2. Define a `text_similarity_rerank` retriever:

    ```console
    POST _search
    {
      "retriever": {
        "text_similarity_reranker": {
          "retriever": {
            "standard": {
              "query": {
                "match": {
                  "text": "How often does the moon hide the sun?"
                }
              }
            }
          },
          "field": "text",
          "inference_id": "my-elastic-rerank",
          "inference_text": "How often does the moon hide the sun?",
          "rank_window_size": 100,
          "min_score": 0.5
        }
      }
    }
    ```
    % TEST[skip:uses ML]



## Example: Cohere Rerank [text-similarity-reranker-retriever-example-cohere]

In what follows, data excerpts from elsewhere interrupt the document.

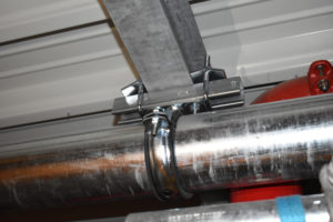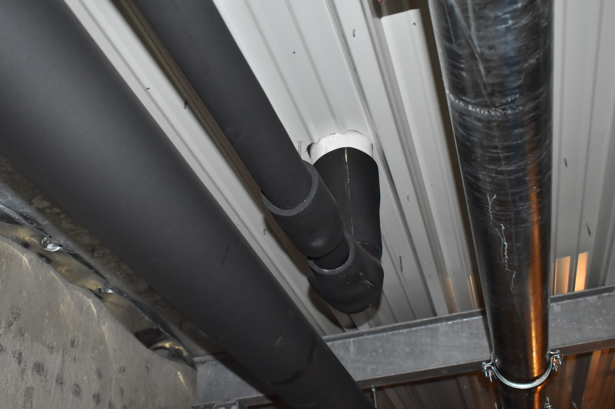 Die Dämmung der Rohre verhindert Kondensat und schützt so die Produkte vor Feuchteschäden. Gedämmt wurde individuell vor Ort. Links die bereits gedämmte Haupt-Entwässerung, rechts die noch ungedämmte Not-Entwässerung.
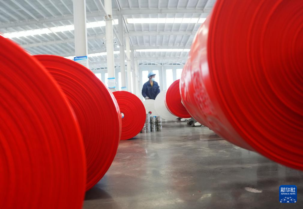 2月24日,在湖南省衡山县衡山高新技术产业开发区,荣宸塑业有限公司的员工在生产线上工作。
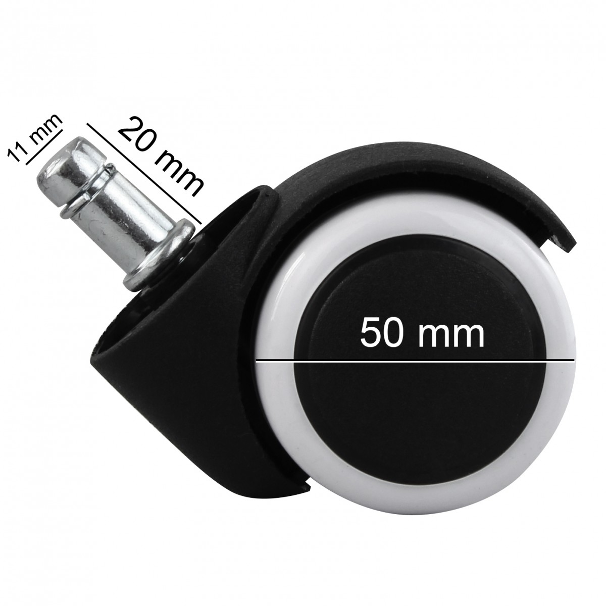 5 roulettes freinées pour sol dur polyuréthane noir/blanc | Diamètre 50 mm | Axe 11 mm

This example enables out-of-the-box semantic search by re-ranking top documents using the Cohere Rerank API. This approach eliminates the need to generate and store embeddings for all indexed documents. This requires a [Cohere Rerank inference endpoint](https://www.elastic.co/docs/api/doc/elasticsearch/operation/operation-inference-put) that is set up for the `rerank` task type.

```console
GET /index/_search
{
   "retriever": {
      "text_similarity_reranker": {
         "retriever": {
            "standard": {
               "query": {
                  "match_phrase": {
                     "text": "landmark in Paris"
                  }
               }
            }
         },
         "field": "text",
         "inference_id": "my-cohere-rerank-model",
         "inference_text": "Most famous landmark in Paris",
         "rank_window_size": 100,
         "min_score": 0.5
      }
   }
}
```
% TEST[skip:uses ML]


## Example: Semantic re-ranking with a Hugging Face model [text-similarity-reranker-retriever-example-eland]

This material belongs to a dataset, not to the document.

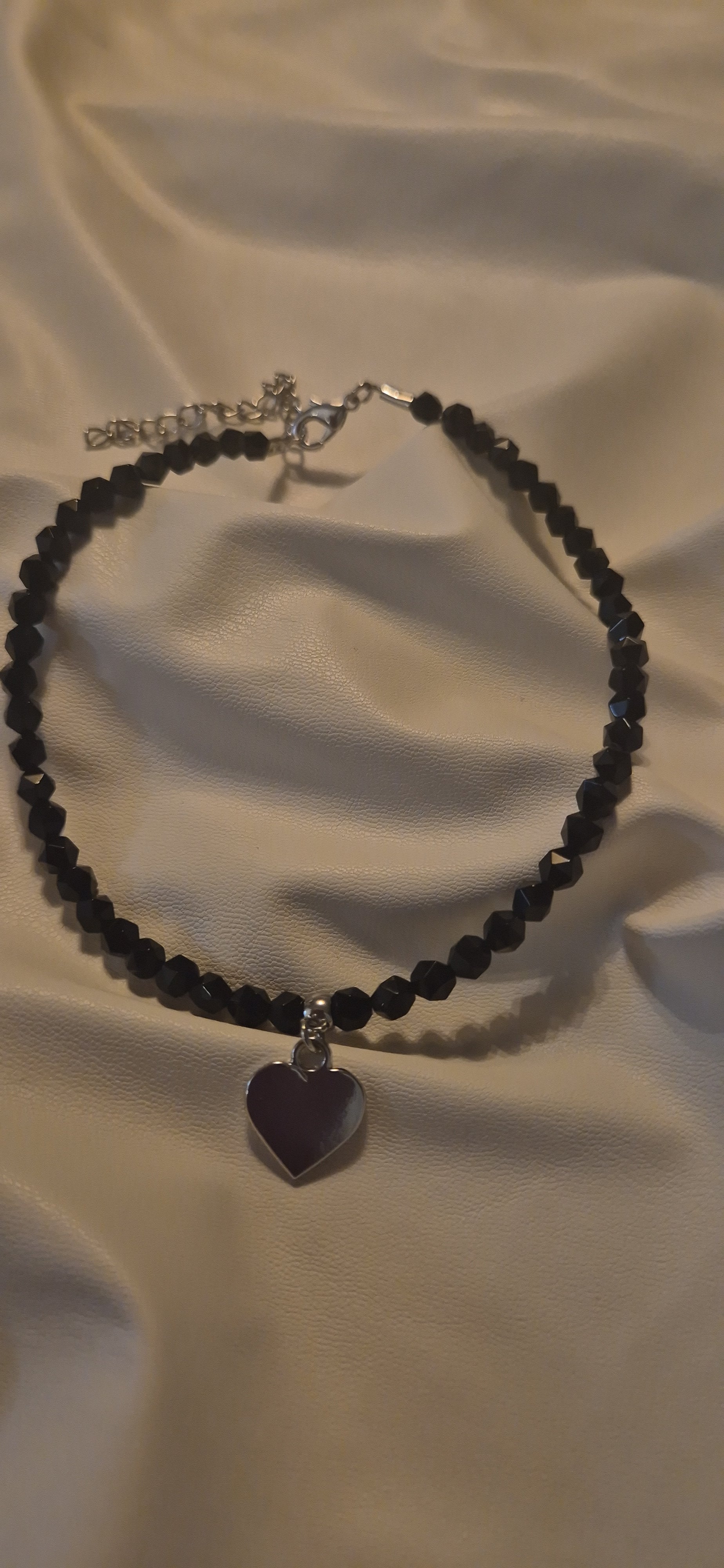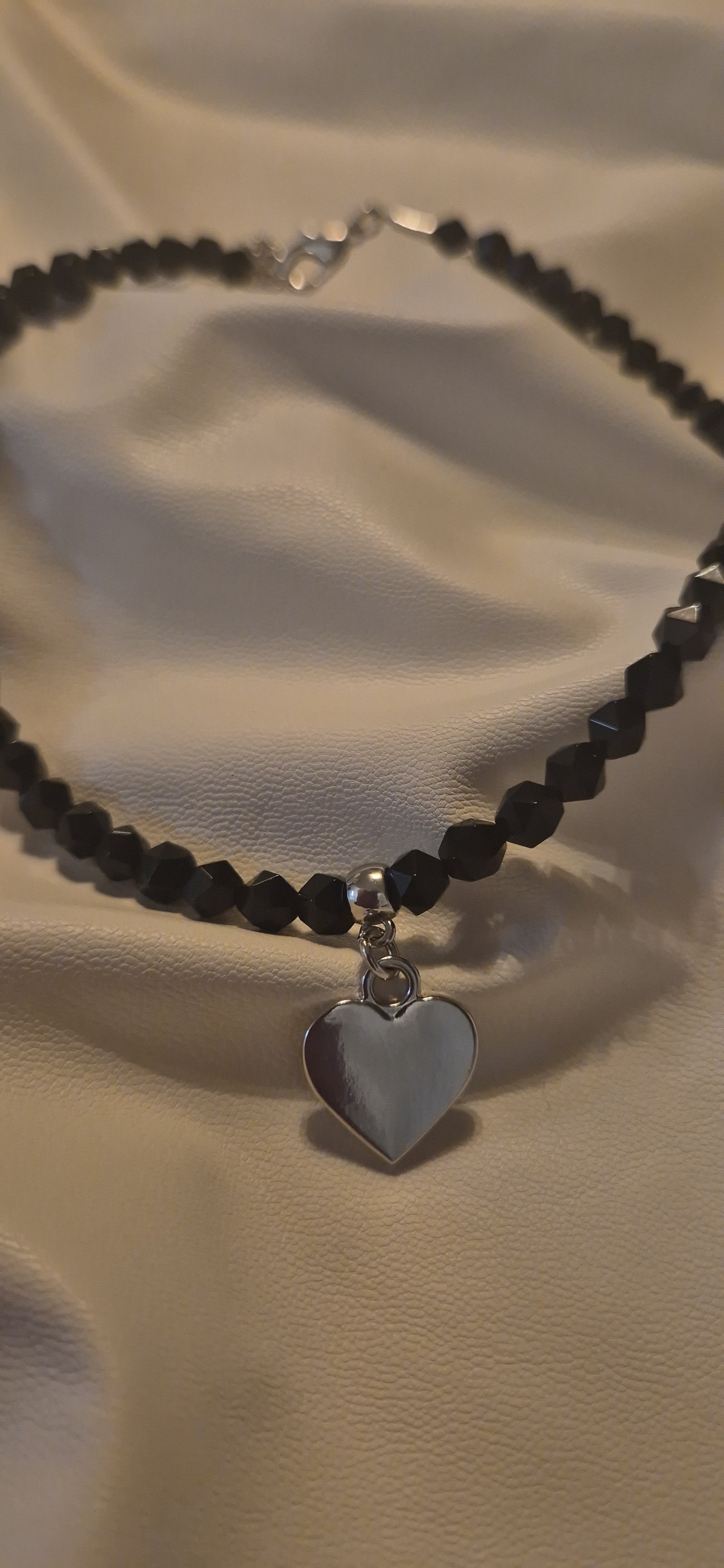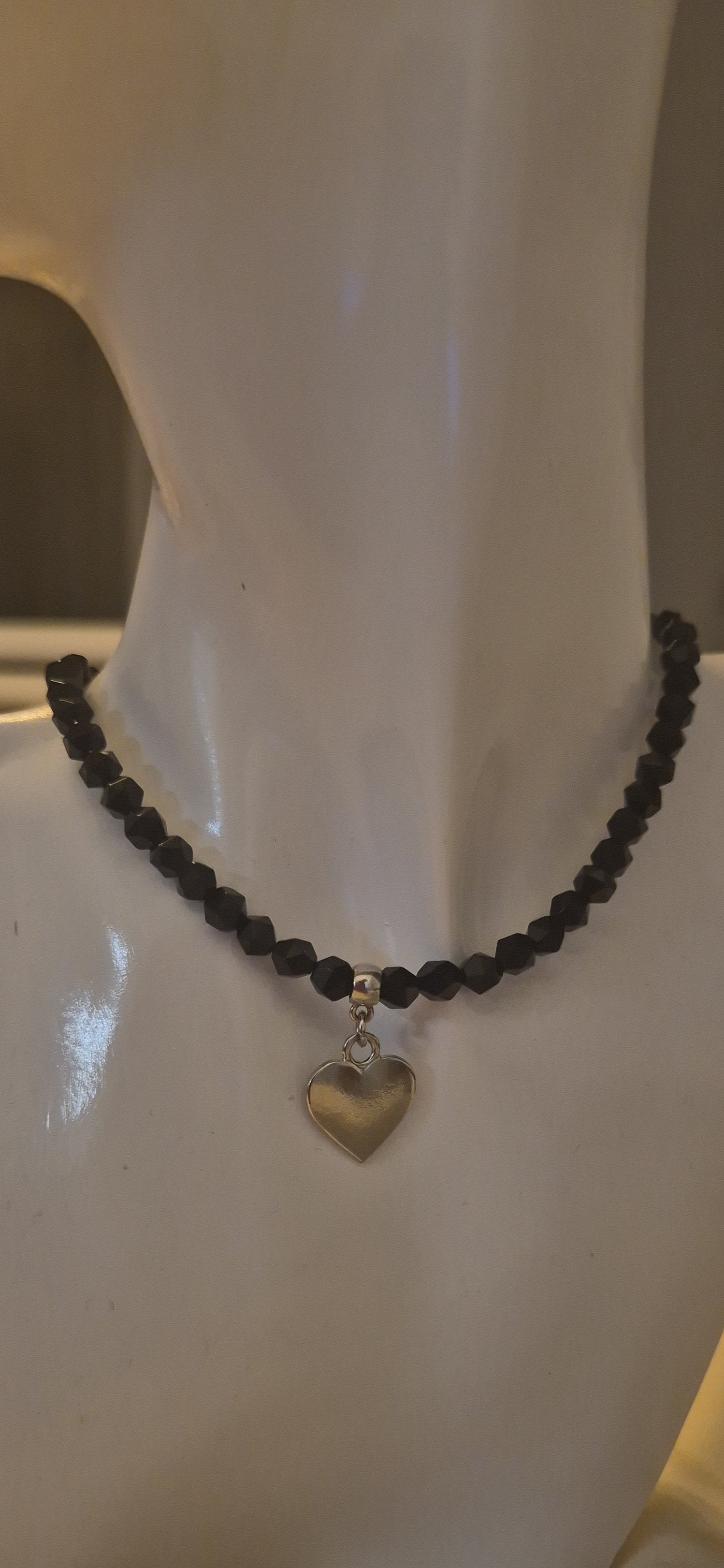 שרשרת חרוזי אבני אגת שחור מבריק בחיתוך כוכב עם ,תליון לב במרכז, צבע כסף

The following example uses the `cross-encoder/ms-marco-MiniLM-L-6-v2` model from Hugging Face to rerank search results based on semantic similarity. The model must be uploaded to {{es}} using [Eland](eland://reference/machine-learning.md#ml-nlp-pytorch).

::::{tip}
Refer to [the Elastic NLP model reference](docs-content://explore-analyze/machine-learning/nlp/ml-nlp-model-ref.md#ml-nlp-model-ref-text-similarity) for a list of third party text similarity models supported by {{es}}.

::::


Follow these steps to load the model and create a semantic re-ranker.

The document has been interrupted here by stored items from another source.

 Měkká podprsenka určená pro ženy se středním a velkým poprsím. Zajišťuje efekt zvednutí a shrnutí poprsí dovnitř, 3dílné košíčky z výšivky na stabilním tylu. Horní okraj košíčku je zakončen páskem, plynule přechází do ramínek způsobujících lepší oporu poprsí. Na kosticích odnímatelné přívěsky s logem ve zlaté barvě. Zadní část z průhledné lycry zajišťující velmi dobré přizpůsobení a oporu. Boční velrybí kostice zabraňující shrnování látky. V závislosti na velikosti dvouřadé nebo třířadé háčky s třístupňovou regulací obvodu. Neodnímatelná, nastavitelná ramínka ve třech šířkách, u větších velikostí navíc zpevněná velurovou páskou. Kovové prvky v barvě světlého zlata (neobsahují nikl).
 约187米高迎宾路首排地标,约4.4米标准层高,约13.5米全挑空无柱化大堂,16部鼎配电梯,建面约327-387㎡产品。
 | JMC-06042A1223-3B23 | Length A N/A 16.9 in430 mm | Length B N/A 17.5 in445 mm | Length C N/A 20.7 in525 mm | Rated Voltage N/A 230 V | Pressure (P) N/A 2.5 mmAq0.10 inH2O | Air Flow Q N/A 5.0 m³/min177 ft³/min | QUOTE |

1. Install Eland using `pip`

    ```sh
    python -m pip install eland[pytorch]
    ```
    % NOTCONSOLE

2. Upload the model to {{es}} using Eland. This example assumes you have an Elastic Cloud deployment and an API key. Refer to the [Eland documentation](eland://reference/machine-learning.md#ml-nlp-pytorch-auth) for more authentication options.

    ```sh
    eland_import_hub_model \
      --cloud-id $CLOUD_ID \
      --es-api-key $ES_API_KEY \
      --hub-model-id cross-encoder/ms-marco-MiniLM-L-6-v2 \
      --task-type text_similarity \
      --clear-previous \
      --start
    ```
    % NOTCONSOLE

3. Create an inference endpoint for the `rerank` task

    ```console
    PUT _inference/rerank/my-msmarco-minilm-model
    {
      "service": "elasticsearch",
      "service_settings": {
        "num_allocations": 1,
        "num_threads": 1,
        "model_id": "cross-encoder__ms-marco-minilm-l-6-v2"
      }
    }
    ```
    % TEST[skip:uses ELSER]

4. Define a `text_similarity_rerank` retriever.

    ```console
    POST movies/_search
    {
      "retriever": {
        "text_similarity_reranker": {
          "retriever": {
            "standard": {
              "query": {
                "match": {
                  "genre": "drama"
                }
              }
            }
          },
          "field": "plot",
          "inference_id": "my-msmarco-minilm-model",
          "inference_text": "films that explore psychological depths"
        }
      }
    }
    ```
    % TEST[skip:uses ELSER]

    This retriever uses a standard `match` query to search the `movie` index for films tagged with the genre "drama". It then re-ranks the results based on semantic similarity to the text in the `inference_text` parameter, using the model we uploaded to {{es}}.